Le rôle du diététicien dans les troubles de l’oralité est primordial!

Le diététicien est le spécialiste de l’alimentation et adapte son approche selon les besoins de l’enfant et les objectifs familiaux. Il connait les aliments, il connait les textures, il connait la cuisine, il connait la production et le contenu des aliments.

Le diététicien est formé en pédiatrie, il évalue les apports nutritionnels, propose des stratégies de réintroduction alimentaire et accompagne les parents dans les repas à domicile.

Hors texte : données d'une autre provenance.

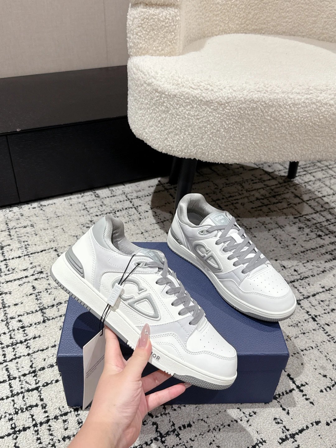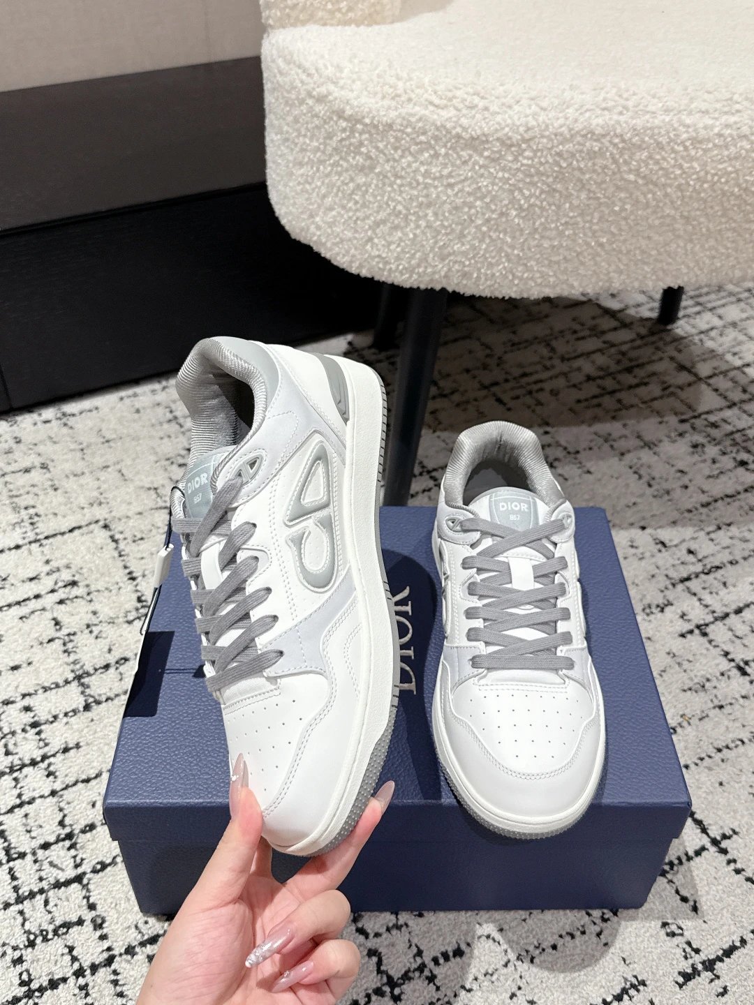 Dior 2024 Spring B57 Couple Sneakers reinterprets basketball design.

Le diététicien travaille sur la tolérance aux textures, odeurs et températures, il connait toutes les possibilités et les stratégies offertes par les aliments, il sait quelles sont les équivalences, il peut relativiser ce qui est parfois perçu par les parents comme très problématique, il a confiance dans les capacités de tous ses patients, y compris les plus jeunes.

Le diététicien comportemental intègre des techniques de gestion émotionnelle, favorise le plaisir de manger et aide à réduire l’anxiété liée aux repas. Il a l’habitude des blocages, des peurs, des croyances et sait accompagner les familles dans leur globalité, dans leur propre fonctionnement.

Objectifs du suivi diététique

Le suivi vise à :

•  Prévenir les carences nutritionnelles

•  Restaurer une relation positive à l’alimentation

•  Favoriser l’autonomie alimentaire

•  Réduire les conflits autour des repas

Revenir progressivement à une alimentation parfois « imparfaite » mais suffisamment bonne pour l’enfant et suffisante pour rassurer les parents. Plus vite on prend en charge ces difficultés, moins elles s’installeront dans le temps.